On 03/08/2016 17:05, Dave Gordon wrote:
> On 03/08/16 16:45, Chris Wilson wrote:
>> On Wed, Aug 03, 2016 at 04:36:46PM +0100, Dave Gordon wrote:
>>> The parallel execution test in gem_exec_nop chooses a pessimal
>>> distribution of work to multiple engines; specifically, it
>>> round-robins one batch to each engine in turn. As the workloads
>>> are trivial (NOPs), this results in each engine becoming idle
>>> between batches. Hence parallel submission is seen to take LONGER
>>> than the same number of batches executed sequentially.
>>>
>>> If on the other hand we send enough work to each engine to keep
>>> it busy until the next time we add to its queue, (i.e. round-robin
>>> some larger number of batches to each engine in turn) then we can
>>> get true parallel execution and should find that it is FASTER than
>>> sequential execuion.
>>>
>>> By experiment, burst sizes of between 8 and 256 are sufficient to
>>> keep multiple engines loaded, with the optimum (for this trivial
>>> workload) being around 64. This is expected to be lower (possibly
>>> as low as one) for more realistic (heavier) workloads.
>>
>> Quite funny.
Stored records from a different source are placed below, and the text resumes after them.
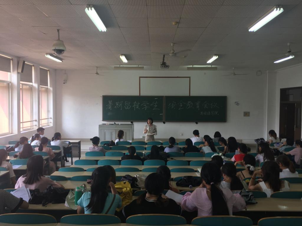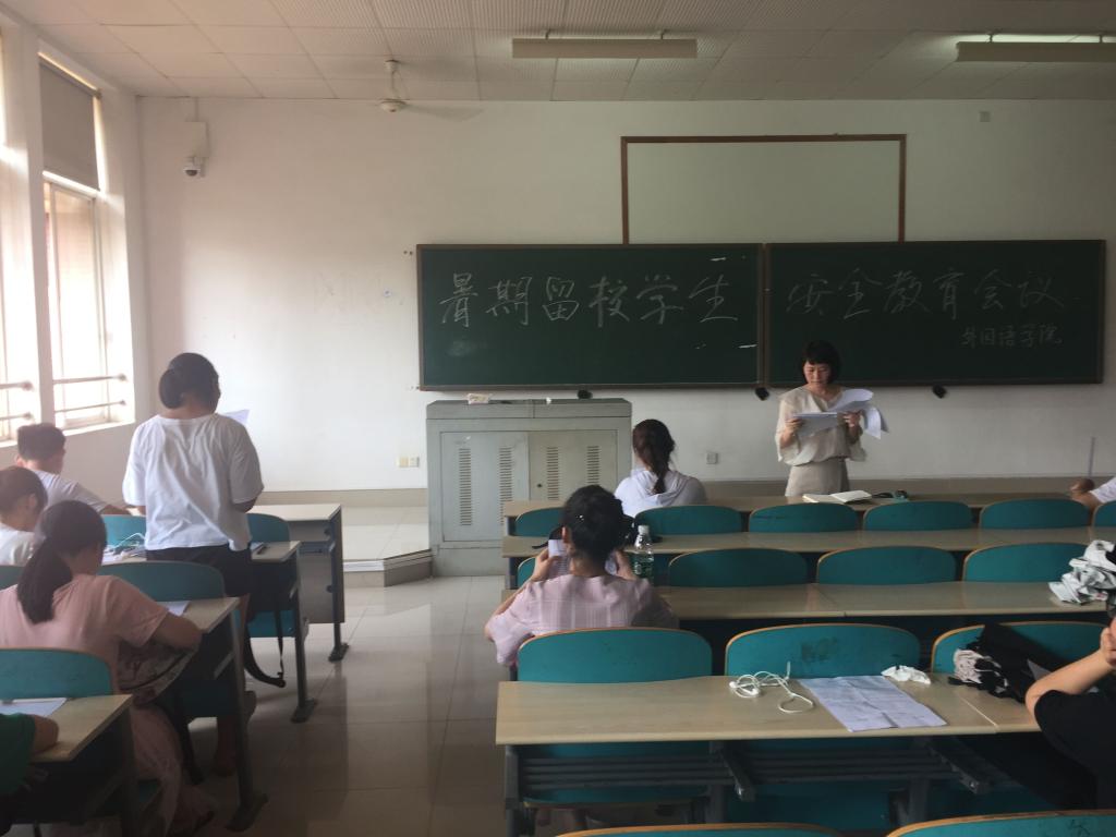 7月16日下午,外国语学院与综合教学楼A307召开2018年暑期留校学生安全教育会议。会议由学工办刘莎老师主持,年级辅导员邹磊和全体暑期留校学生参加了此次会议。
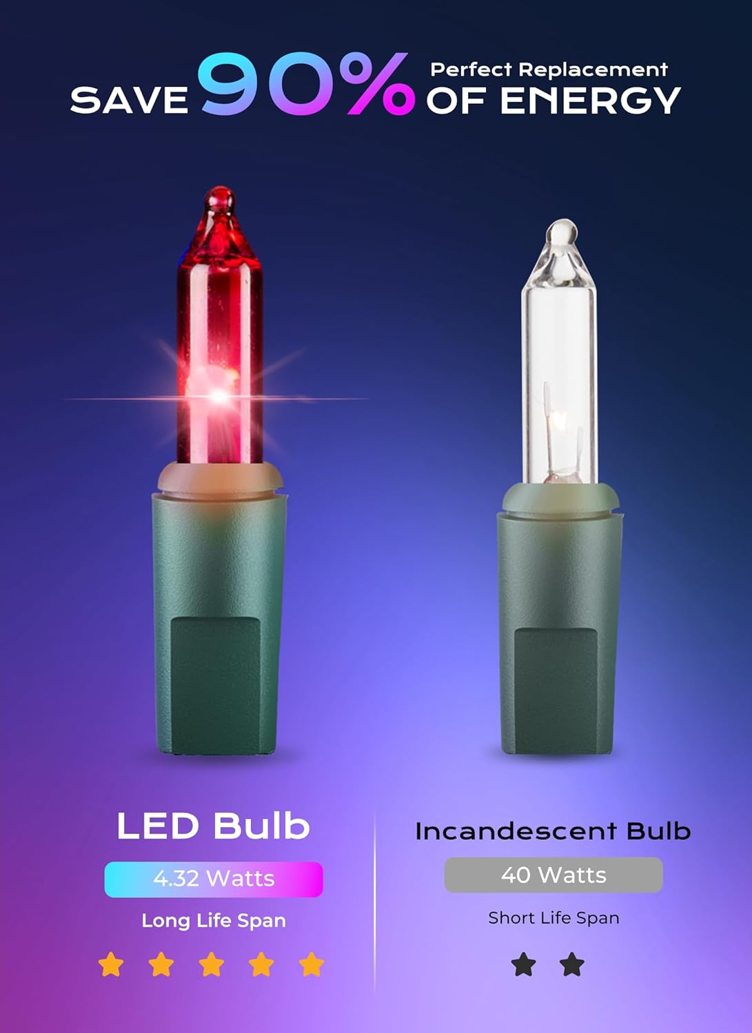 • [Mini Christmas Lights Set] Christmas lights on green wire set includes 100 count transparent LED mini-lights, 33 feet green wires, and each bulb is 4 inches apart, 24 inches lead wire, 4 inches end connector. Christmas String light sets come with 2 spare fuses and 2 spare bulbs for easy replacement. This mini Christmas light can be connected end to end and can be extended to a longer connection length, making it be suitable for different decoration needs
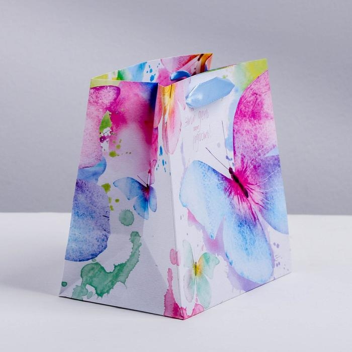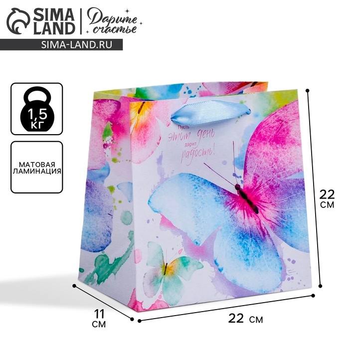Пакет подарочный ламинированный квадратный, упаковка, «Нежность бабочки», 22 х 22 х 11 см
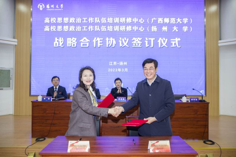 随后,举行了教育部高校思想政治工作队伍培训研修中心(广西师范大学)(扬州大学)战略合作协议签订仪式。

The driver submission overhead of A...A vs ABAB... engines
>> is nearly identical, at least as far as the analysis presented here.
>> -Chris
>
> Correct; but because the workloads are so trivial, if we hand out jobs 
> one at a time to each engine, the first will have finished the one 
> batch it's been given before we get round to giving at a second one 
> (even in execlist mode). If there are N engines, submitting a single 
> batch takes S seconds, and the workload takes W seconds to execute, 
> then if W < N*S the engine will be idle between batches. For example, 
> if N is 4, W is 2us, and S is 1us, then the engine will be idle some 
> 50% of the time.
>
> This wouldn't be an issue for more realistic workloads, where W >> S.
> It only looks problematic because of the trivial nature of the work.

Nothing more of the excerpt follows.